PROBLEM TO SOLVE — Please find the line that holds "EFFICACY OF CONSERVATIVE" below and reproduce it, along with every line after it through the end, exactly and without pictures.
WORKING DATA Start Marker
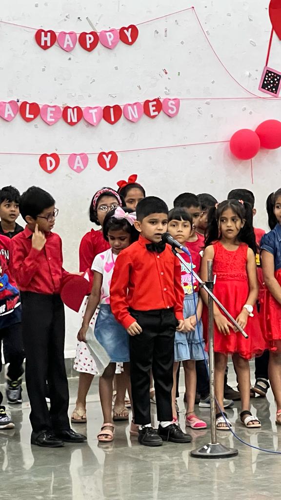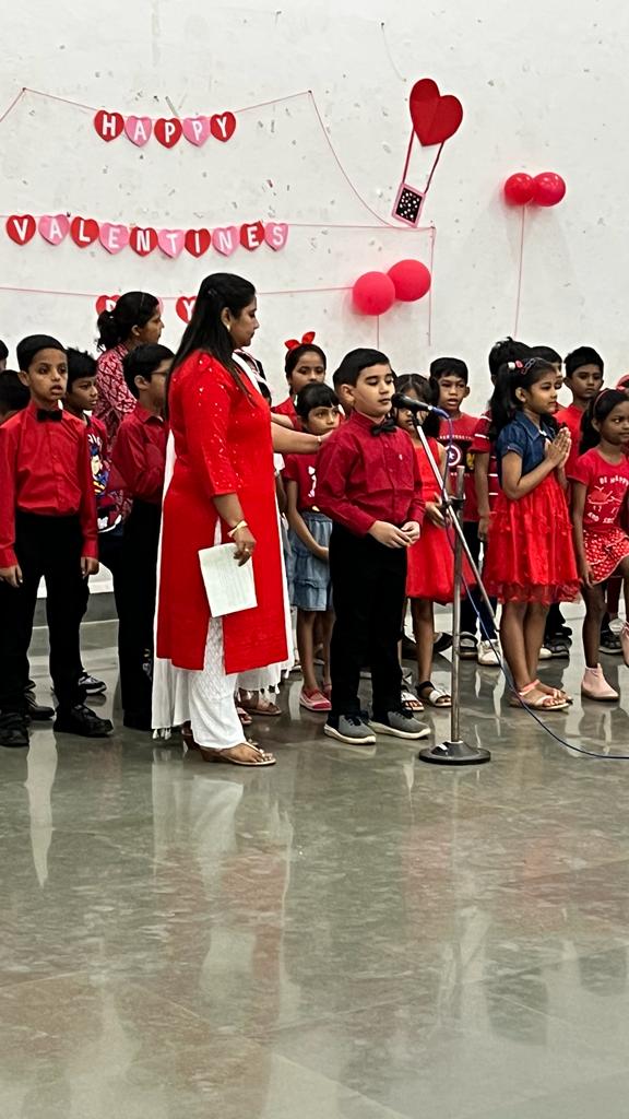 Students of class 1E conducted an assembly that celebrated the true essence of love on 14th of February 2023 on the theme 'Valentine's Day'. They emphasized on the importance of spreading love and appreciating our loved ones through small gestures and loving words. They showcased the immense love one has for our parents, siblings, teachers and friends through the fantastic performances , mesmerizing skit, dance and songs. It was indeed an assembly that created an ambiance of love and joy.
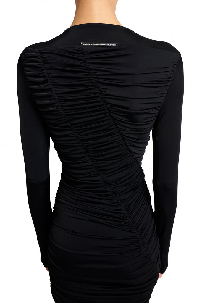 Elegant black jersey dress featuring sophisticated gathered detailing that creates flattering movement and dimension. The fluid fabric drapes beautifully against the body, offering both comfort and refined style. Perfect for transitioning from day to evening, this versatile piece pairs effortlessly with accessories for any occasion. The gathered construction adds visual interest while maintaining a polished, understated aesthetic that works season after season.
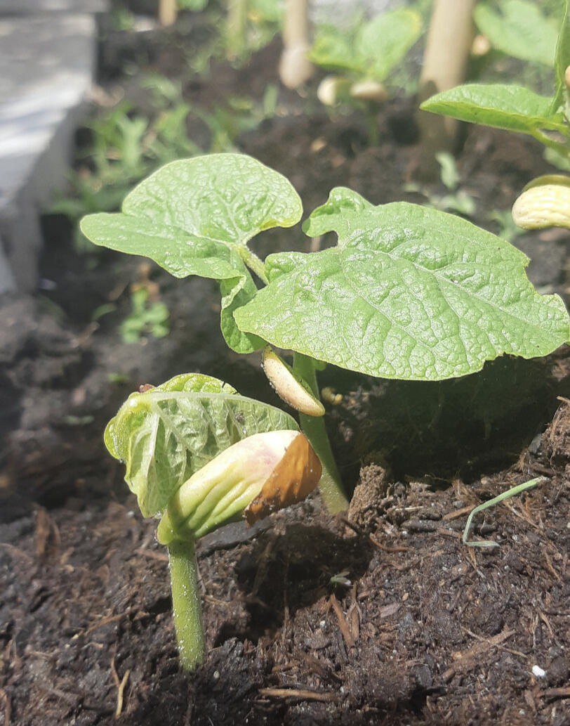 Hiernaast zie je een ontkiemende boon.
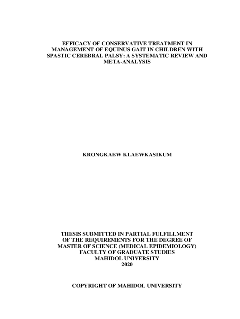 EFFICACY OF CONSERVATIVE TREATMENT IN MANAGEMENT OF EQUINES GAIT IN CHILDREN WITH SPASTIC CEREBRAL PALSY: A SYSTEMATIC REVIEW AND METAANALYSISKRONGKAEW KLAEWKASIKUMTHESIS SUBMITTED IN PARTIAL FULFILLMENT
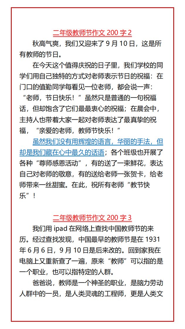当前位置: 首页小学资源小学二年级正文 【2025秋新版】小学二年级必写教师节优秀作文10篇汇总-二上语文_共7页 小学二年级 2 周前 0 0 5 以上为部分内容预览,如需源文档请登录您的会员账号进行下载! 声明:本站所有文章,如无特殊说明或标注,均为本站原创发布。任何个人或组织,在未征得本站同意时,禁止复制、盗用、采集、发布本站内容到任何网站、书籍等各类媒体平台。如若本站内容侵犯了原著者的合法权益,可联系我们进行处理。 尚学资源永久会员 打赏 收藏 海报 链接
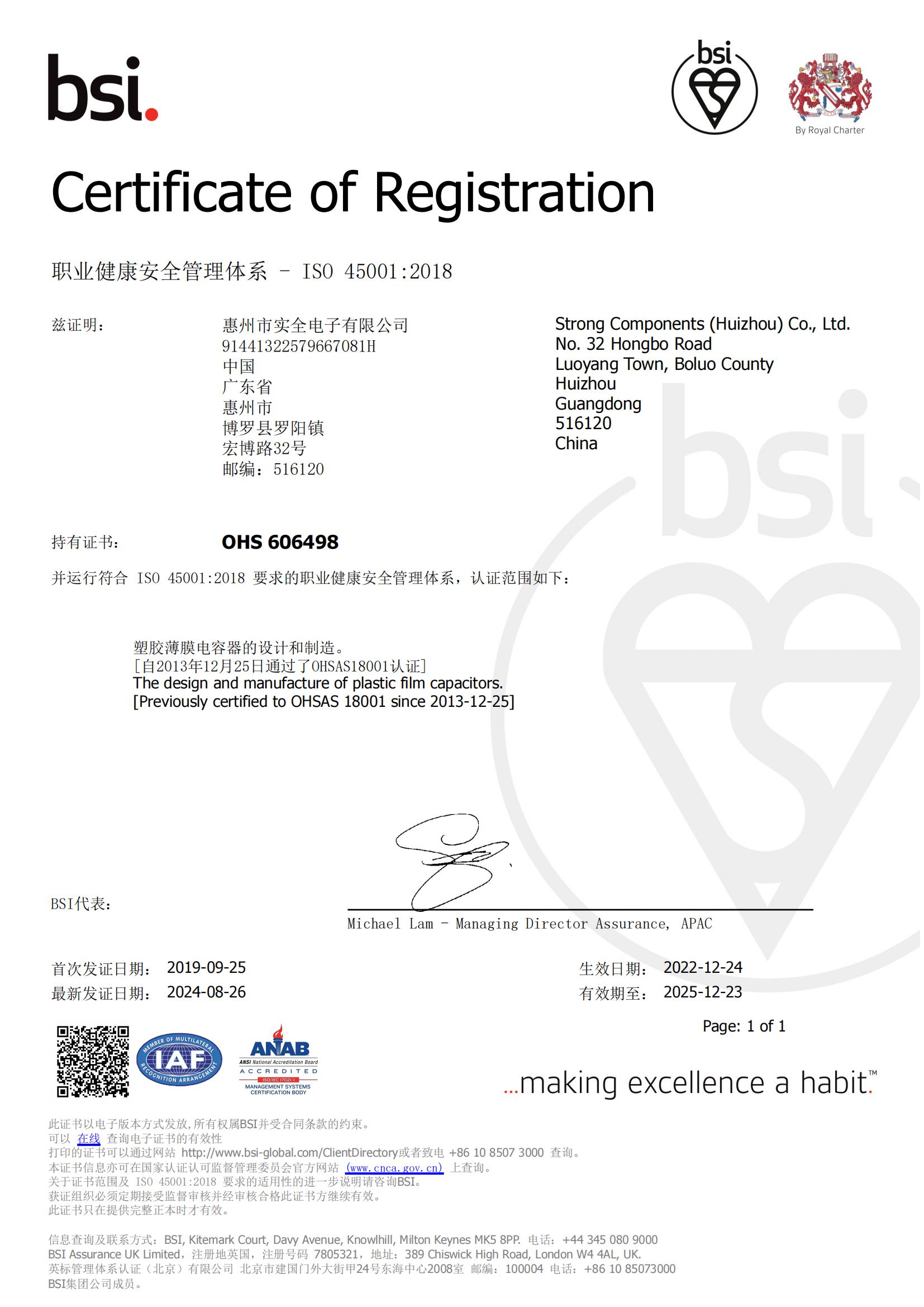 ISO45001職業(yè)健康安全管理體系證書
WORKING DATA End Marker
RESULT —
 EFFICACY OF CONSERVATIVE TREATMENT IN MANAGEMENT OF EQUINES GAIT IN CHILDREN WITH SPASTIC CEREBRAL PALSY: A SYSTEMATIC REVIEW AND METAANALYSISKRONGKAEW KLAEWKASIKUMTHESIS SUBMITTED IN PARTIAL FULFILLMENT
当前位置: 首页小学资源小学二年级正文 【2025秋新版】小学二年级必写教师节优秀作文10篇汇总-二上语文_共7页 小学二年级 2 周前 0 0 5 以上为部分内容预览,如需源文档请登录您的会员账号进行下载! 声明:本站所有文章,如无特殊说明或标注,均为本站原创发布。任何个人或组织,在未征得本站同意时,禁止复制、盗用、采集、发布本站内容到任何网站、书籍等各类媒体平台。如若本站内容侵犯了原著者的合法权益,可联系我们进行处理。 尚学资源永久会员 打赏 收藏 海报 链接
 ISO45001職業(yè)健康安全管理體系證書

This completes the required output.